Мы стояли во дворе, прислонясь к стене, и Тучка отвечала мне не словами, а песенками вполголоса, песенками, как она говорила, долины По близ Венеции, куда лодочники, гордые, как турецкие капитаны, возвращаются из вечного плавания и из манящего моря, чтобы утешить своих жен. Потом я переставала ее слышать, и Иларди таяла, как облачко; ее фигура в белом переднике, обыкновенная и все-таки таинственная, проскальзывала сквозь развешанные на просушку рыболовные сети, или в одиночестве бродила по пескам, или растворялась в лучах солнца, заливающего понтонные мосты.

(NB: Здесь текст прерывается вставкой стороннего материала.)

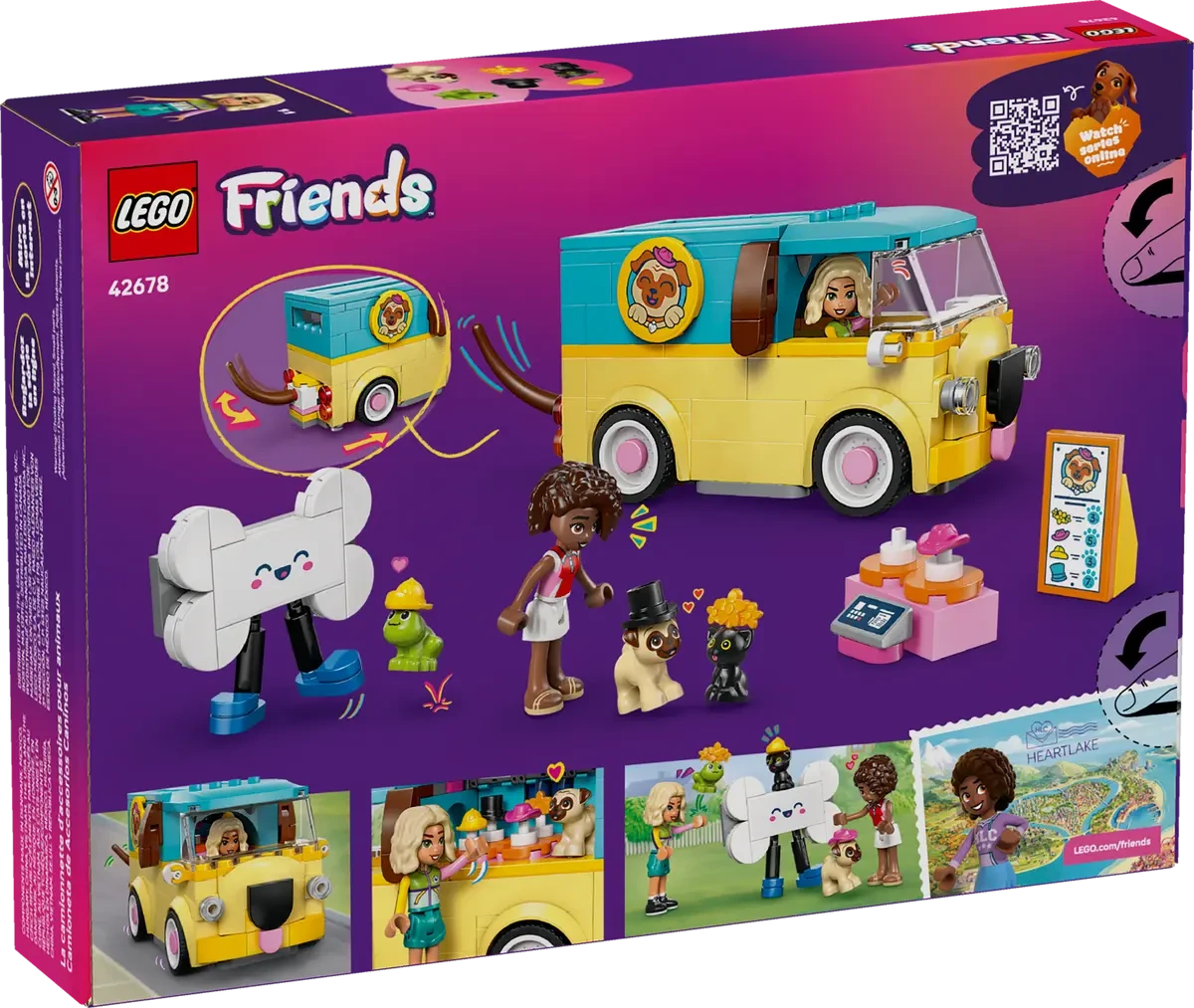 Zestaw LEGO Friends 42678 idealnie pasuje do dnia pełnego zabawy w domu, podczas spotkań z przyjaciółmi lub na prezent dla dziecka kochającego zwierzęta. Świetny sposób na zachęcenie do twórczych scenariuszy – klinika weterynaryjna, salon pielęgnacji czy podróż furgonetką. Doskonały również do kolekcjonowania i rozszerzania świata LEGO Friends.

Она ждала своих тайных путешественников, поставив ногу на швартовную тумбу и опираясь рукой на колено.
Наблюдая за ней в эти мгновения, я открывала в ее лице такую жестокость, которую не могла скрыть даже яркая красота тела; привыкшая постоянно смеяться, оставшись одна, она лишь печально улыбалась сама себе. Что ей мешало быть тем, чем она казалась: живой и жадной до жизни, готовой погнаться за любой волной, словно дельфин?
Сестры ее не увольняли, хоть она тоже называла их навозницами, и они прекрасно знали, что Тучка отдается лодочникам на понтонах и каждую ночь, выходя в район Габбиони, превращается в неотразимую шлюху. Быть может, ее терпели за ловкость, с какой она давала понять, что ей известны секреты того мира, желание обладать которыми заставляло навозниц рыдать по ночам на своих койках.
Что до нас, то она провоцировала нас самыми странными способами, выставляя свое тело напоказ перед нами, заключенными. Я помню, как она спускалась по наружным железным лестницам, подвешенным к фасаду, как рельсы подвесной железной дороги, в то время как внизу, во дворе, навозница – любительница пения дирижировала хором, благодаря трех Марий уж не знаю, за что, разве что за это одиночество, сгрудившееся вокруг сухого и серого, несмотря на весну, дерева; и мы ждали, чтобы Тучка спустилась до уровня наших глаз, и тогда ее ножки, как у балерины, под коротким фартуком казались еще более длинными, и от них исходило сияние, как во сне; это были ноги одновременно непристойные и чистые, они навевали нам мысли о свободе. Все, включая навозницу – любительницу пения, прекращали петь и молча следили за Тучкой, которая парила над нами, величественная, как цапля.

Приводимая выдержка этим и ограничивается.